Most people think of filmmaking as something like the task of setting up the actors, yelling "Action!" and "Cut!" and captivating the audience with the footage. Although this is part of the job, in reality this exciting phase takes up only 5% of the total time of a film project.

Artistry and technical thought are almost equally important in the filmmaking process. Financial issues are not the least of these. These activities, so different in nature, come together in film studios, film production centers. Next we will get a closer look at all aspects of film-making, at the whole complex of creative and production links, including film crews, script and editorial boards, music editors, lighting departments, camerawork workshops, acting departments, storage facilities for costumes and props, and much more.

Film production is one of the main branches of the film industry. It includes the artistic and creative process, the technique and technology of making a film, the organization of production, and promotion in the marketplace. The nature of the film determines the size and type of crew needed to make the film. Many Hollywood adventure films employ a cast and crew of up to a thousand people and introduce sophisticated computer graphics, while low-budget, independent films may employ only a few people, often with minimal royalties. Filmmaking is widespread around the world, using different technologies and equipment everywhere, and the process itself takes place under different financial conditions, ranging from state support of documentary filmmaking in China, to profit-oriented projects filmed in American studios.

Stages of filmmaking
The film production cycle consists of five main stages:

  • Design
  • Pre-production
  • Filming
  • Post-production
  • Distribution
A full Hollywood-style film production cycle typically takes 3 years. The first year is devoted to planning and design. The second year includes pre-production and filming, and the third year includes post-production and product distribution.

This is the stage when an idea is developed into a viable script. The film producer finds a story that can be taken from books, other films, true stories, original ideas, etc. Once the theme, or basic story, has been identified, a brief outline is prepared in the form of a step-by-step description of the scenes, with an emphasis on the dramaturgy. A preliminary version of the script is ready.
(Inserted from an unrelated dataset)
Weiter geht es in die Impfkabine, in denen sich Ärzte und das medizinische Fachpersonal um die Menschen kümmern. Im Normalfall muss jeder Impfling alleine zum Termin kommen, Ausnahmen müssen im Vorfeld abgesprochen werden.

This is a 25 to 30 page description of the plot, mood and character of the scenes, with brief dialogues and a description of the setting, often containing sketches in the form of drawings to visualize key points.
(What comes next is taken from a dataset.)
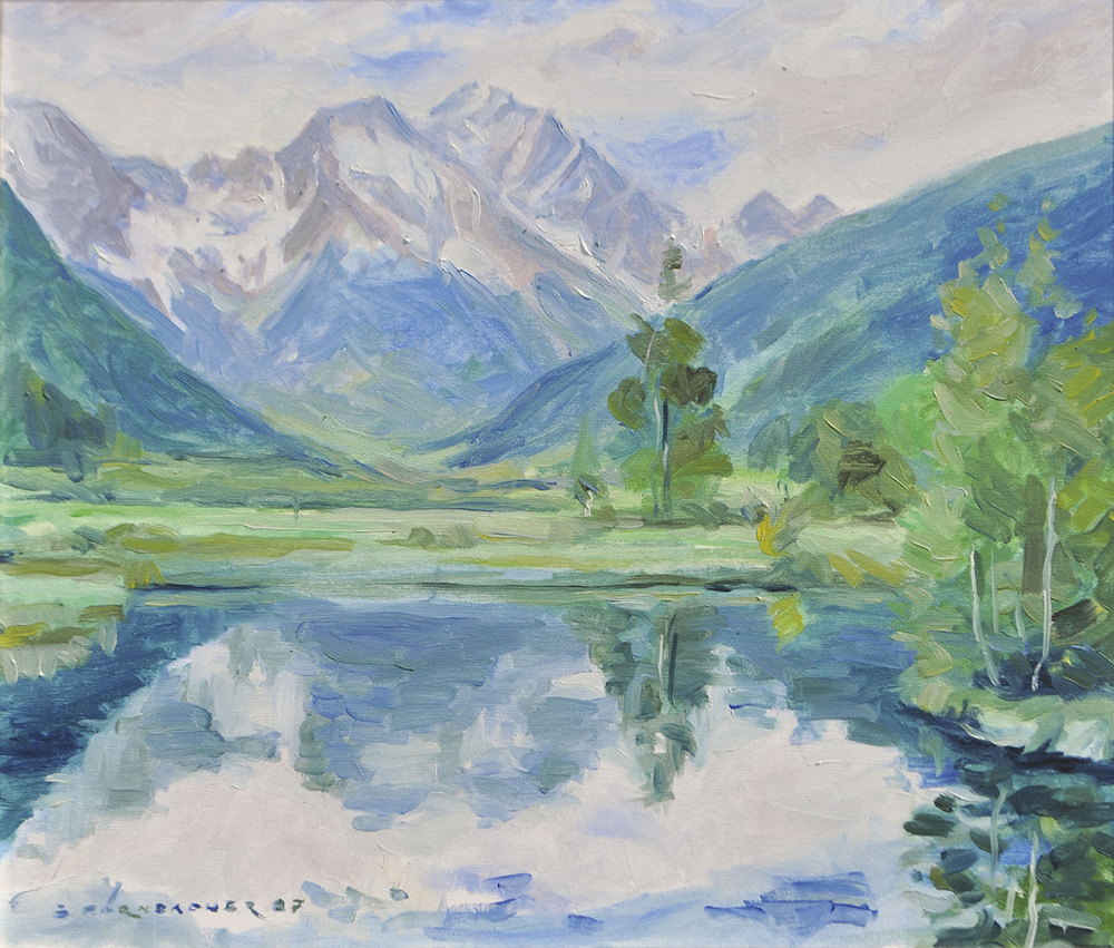 Siegfried Pörnbacher (Olang/Valdaora 1914 – Bruneck/Brunico 2006) Lago di Braies, 1987;Olio su tela, 60 x 70 cm, in cornice

The script is written over a six-month period, perhaps rewritten several times to improve the drama, clarity, structure, characters, dialogue, and overall style of the story. However, producers often omit the previous steps and use ready-made scripts, which are specially processed and prepared. The distributor of the film should be familiar with the script at an early stage to assess the possible interest in the film and, therefore, its financial success. Hollywood distributors will take a measured approach to doing business, and consider such factors as: the genre of the film, the target audience, the historical success of similar films, the actors who might appear in the film and potential directors. All of these factors entail a certain appeal of the film to possible audiences and, therefore, increase the number of seats occupied in the auditorium at the premiere. Films rarely make a profit from theatrical screenings alone, so DVD sales and the distribution of commercial rights to the product must be taken into account.

A brief presentation of the film is then prepared and presented to potential financiers. If this step is successful and the film is given the "green light", then financial support is usually provided by major film studios, the film industry council or independent investors. A deal is agreed upon and a contract is signed.

In pre-production, the film is designed and a plan is developed. Film crews and production departments are formed. Illustrator and production artists create sketches for visual planning of scenes before filming. The budget of the film in designing the scenes will also be considered.

The producer needs to hire people to perform the following functions:

Director, has primary responsibility for shooting the film and managing the creative process.
The assistant director, directs the planning of the shoot and oversees the logistics of the production.
As many takes as the director sees fit.